Op deze plaats, van het terras van De Prins van Terbregge tot de overzijde lag tot 1936 de Terbregschebrug, een oeververbinding die er al lag vanaf de 14e eeuw. Aanvankelijk was het een vaste oeververbinding in het smalste deel van de Rotte. De brug was erg belangrijk om van Zevenhuizen naar Hillegersberg te gaan, een route die ook wel het kerkenpad werd genoemd, over de brug en gelijk rechtdoor de Rechter Rottekade in tot voorbij de molen. Bij het Boterdorpse Verlaat de strekkade tot in Hillegersberg.

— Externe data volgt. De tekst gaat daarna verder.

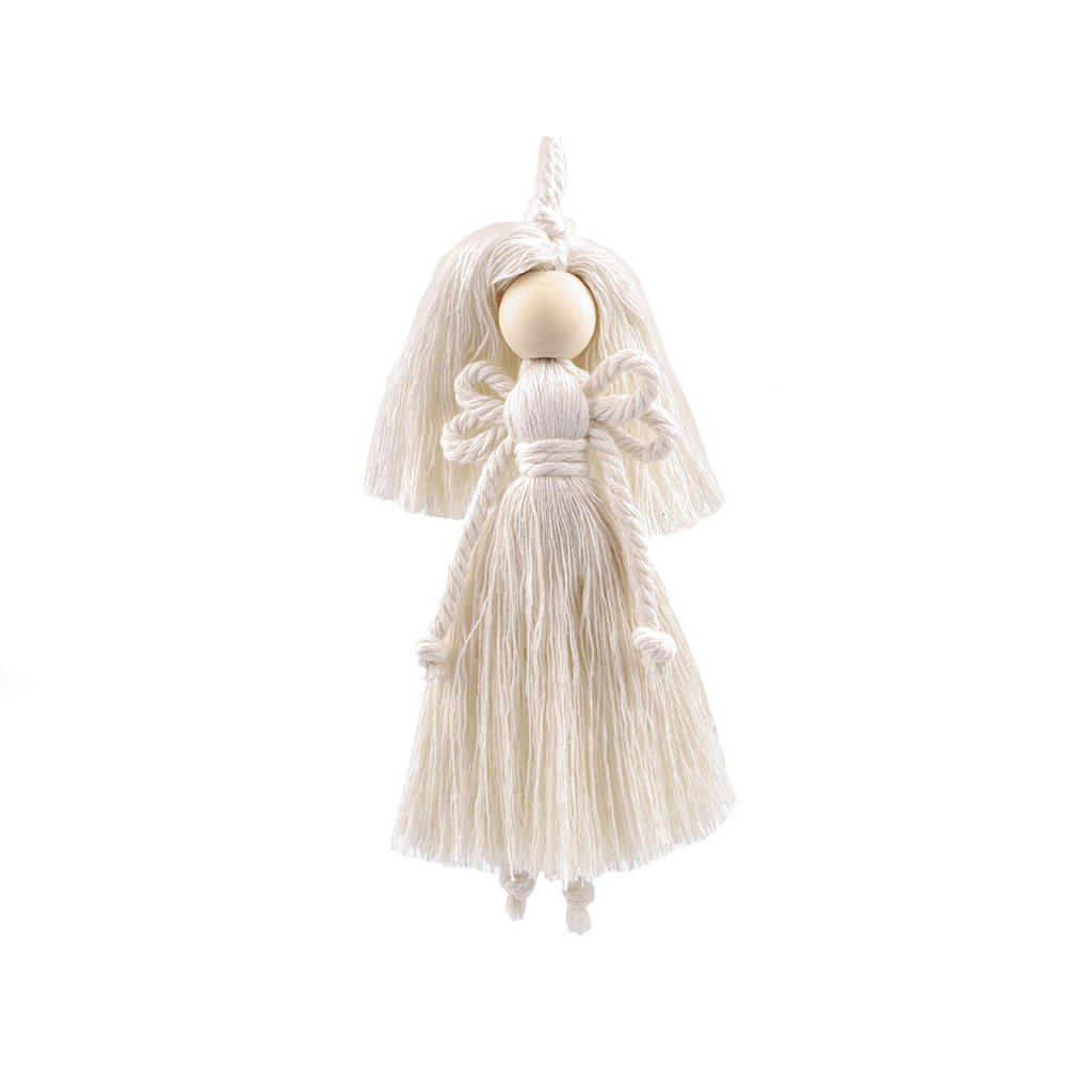 Der Deko-Engel ist in Makramee-Technik gefertigt. Es besticht auch durch die verwendeten natürlichen Materialien . Es hat oben eine Aufhängeöse. Der Engel ist ein schönes Geschenk für verschiedene Anlässe. Mit einem geraden Kamm können Sie die Haare und den Rock sanft kämmen.

Pas in 1647 werd voor het eerst een klapbrug gebouwd. Men kon zich inschrijven voor de pacht van het openen en neerhalen van deze brug. De laatste aanbieder kon gedurende drie jaar dit werk op zich nemen en dat allemaal onder regie van het Hoogheemraadschap van Schieland. De brug is vervolgens nog vele keren gewijzigd en geheel of gedeeltelijk vernieuwd.

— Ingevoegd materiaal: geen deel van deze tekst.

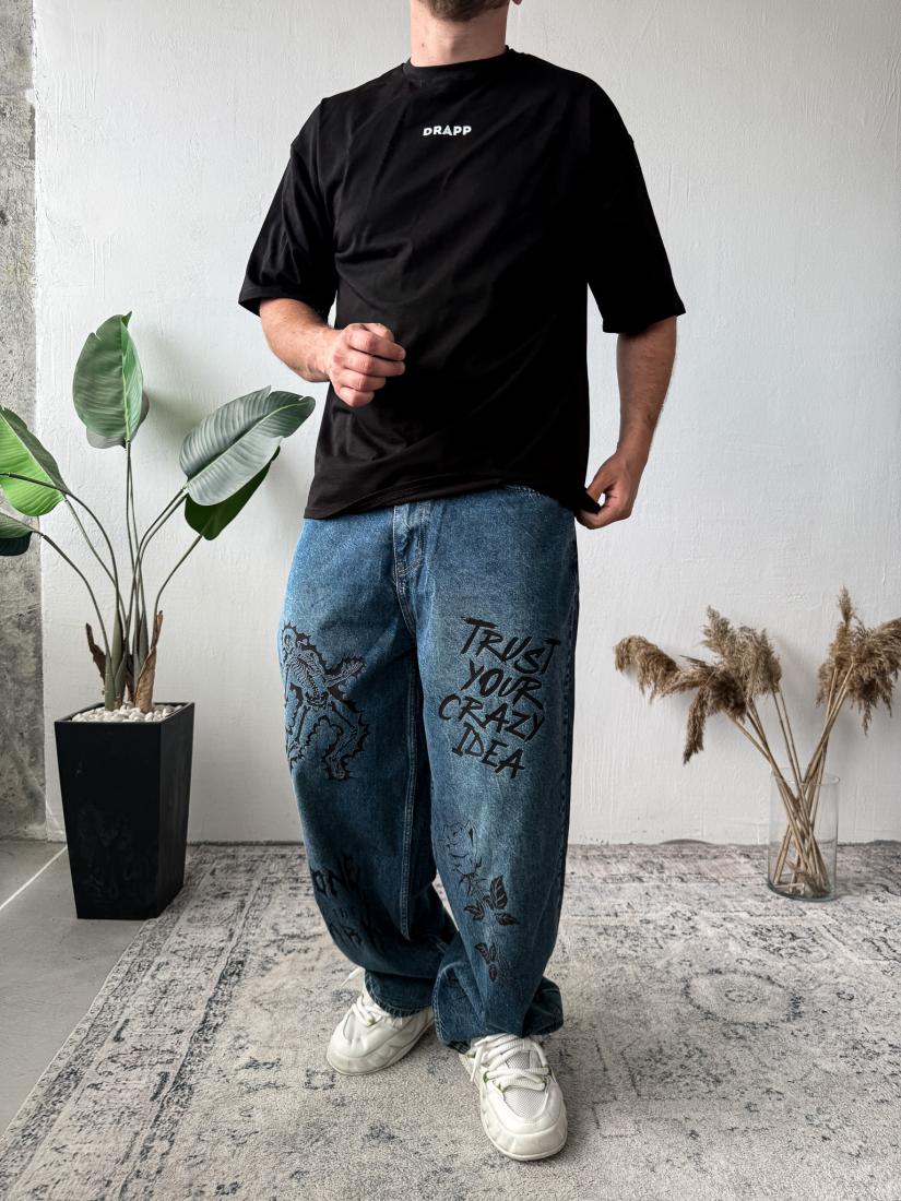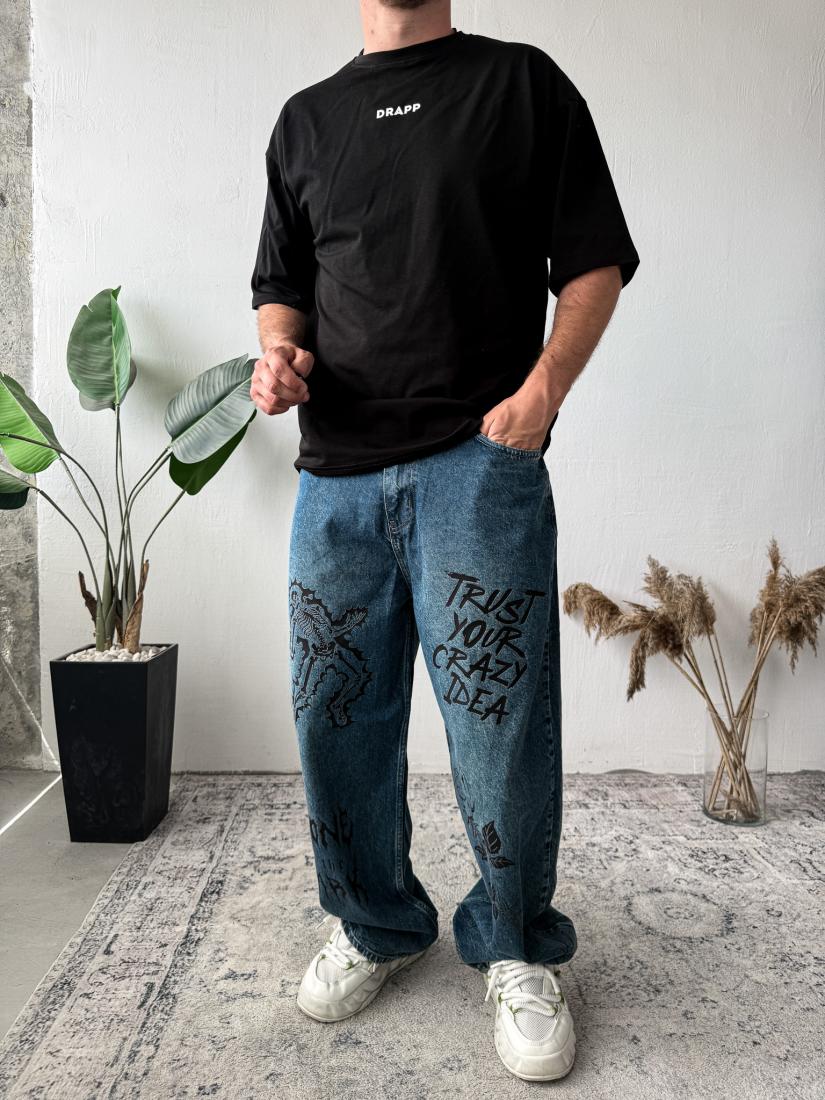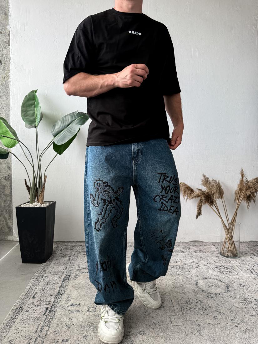 Мужские Широкие Синие Джинсы Баллоны Оверсайз с Надписями

In 1888 was er voor het eerst sprake van een gietijzeren brug met bruggenwachters als Pleun v.d. Neut en Steef Koedam.
Deze brug heeft dienst gedaan tot 1936. Toen begaf één van de pijlers van de brug het. Gelukkig raakte niemand gewond. Echter door het steeds drukker wordende verkeer was een goede oeververbinding harde noodzaak. In het begin werden sloepen ingezet om wandelaars en fietser over te zetten, later werd een noodbrug (ponton) op de plek van de huidige brug. Daarna is de brug nog provisorisch gerepareerd.
Duidelijk was toen al – maar de plannen lagen er al – dat er een nieuwe brug moest komen. Deze is uiteindelijk gerealiseerd en werd op 5 augustus 1939 feestelijk geopend. De oude brug werd vervolgens aan het verkeer onttrokken, gesloopt en verwijderd. Alleen de landhoofden zijn nog de zichtbare tekens van dit historische object.